We still don’t have a single diagnostic or treatment that is approved. (Proven through scientific data to be safe and effective.) Instead we have:

  • Sanitizers that can poison us with methanol;
  • Diagnostic tests with somewhere between 25 and 66% false negative (as reported by Northwestern Medical COVID-19 hotline;)
  • Antibody tests that have a false positivity rate between 30 and 50%;
  • Treatments that no longer qualify for EUA. (like Hydroxychloroquine.)

Vaccine manufacturers plan to compress and accelerate the studies and FDA is prepared to release a vaccine using EUA authority. In the meantime, manufacturers plan to scale up production “at-risk.”

Preliminary studies show promise. Still, those preliminary studies involve a small number of people with some significant side-effects. Some of the studies lack peer review. Some studies involve vaccine technology yet unproven.

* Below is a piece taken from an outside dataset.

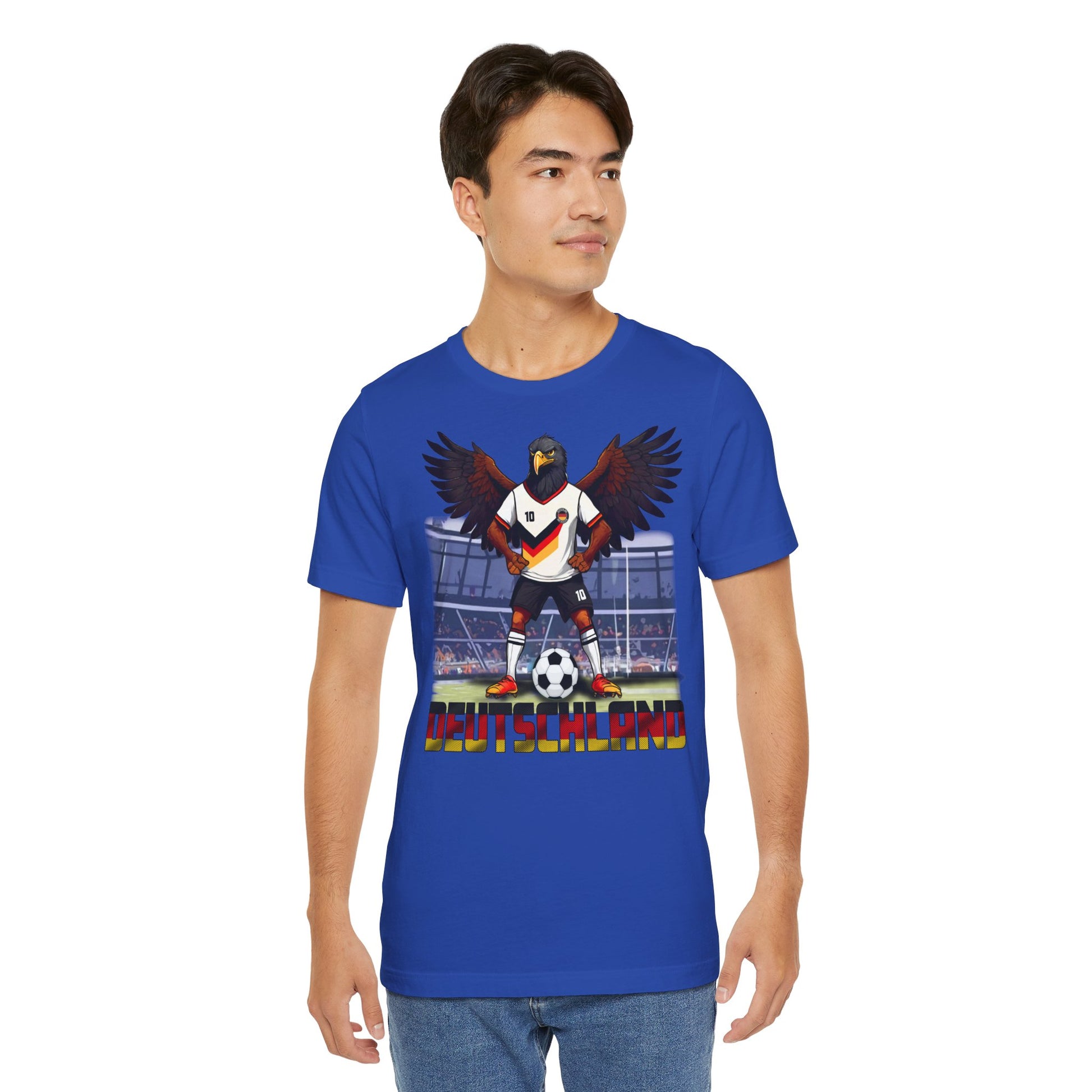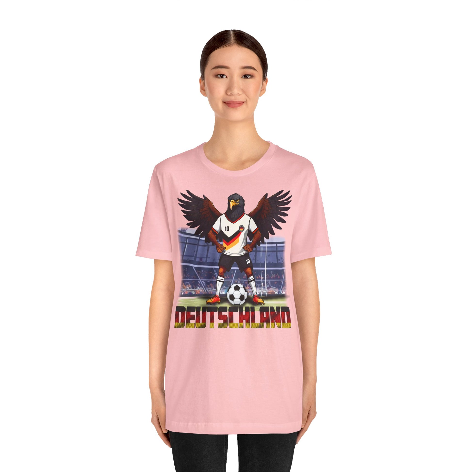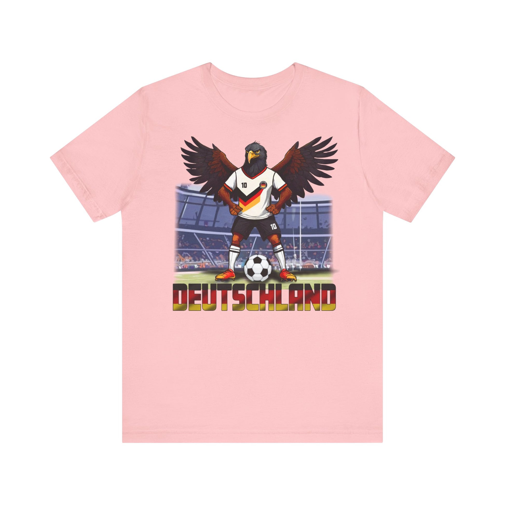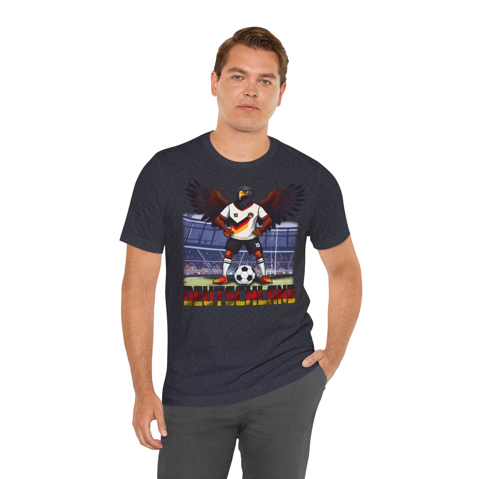 Dieses klassische Unisex-Jersey-T-Shirt mit kurzen Ärmeln fühlt sich an wie ein lang geliebtes Lieblingsstück. Weiche Baumwolle und qualitativ hochwertiger Druck lassen die Nutzer sich immer wieder neu in es verlieben. Diese T-Shirts haben gerippte Strickkragen, die die Formgebung unterstützen. Die Schultern sind für eine bessere Passform über die Zeit hinweg zulaufend gestaltet. Doppelte Seitennähte halten die Form des Kleidungsstücks länger.

Dr. Fauci ensured us that the studies will be rigorous. I believe him. Still, those Phase III, the large-scale, randomized, double-blind studies, are often where many of the adverse effects are discovered.

I know you are reassuring us that the studies will be rigorous. That the manufacturing will be well controlled. That we should all feel confident in FDA.

These case studies demonstrate that large phase 3 [random/controlled studies] can generate critical evidence across all types of products, patients, and diseases. Both safety and efficacy failures occurred even when the phase 2 studies were relatively large (e.g., recombinant VIIa), and even when the product was already approved for another condition (e.g., aliskiren). In some cases, the phase 3 study revealed that short-term results found in the phase 2 study were not associated with a long-term benefit (e.g., bitopertin) or that the product had toxicity that was not uncovered in the phase 2 study (e.g., semagacestat).

FDA.gov (22 Case studies Where Phase 2 and Phase 3 Studies had Divergent Results.)

But no. My confidence is shaken.

I’m not interested in getting a vaccine for COVID-19. Not now.

Although low-tech, I’m confident that I will not suffer adverse medical events from the three Ws:

  • Wear a mask
  • Watch my distance
  • Wash my hands

I’ll wait and see what for the post-market reporting tell me. Maybe I’ll change my mind when the data gets published. In the meantime, someone else can be the guinea pig.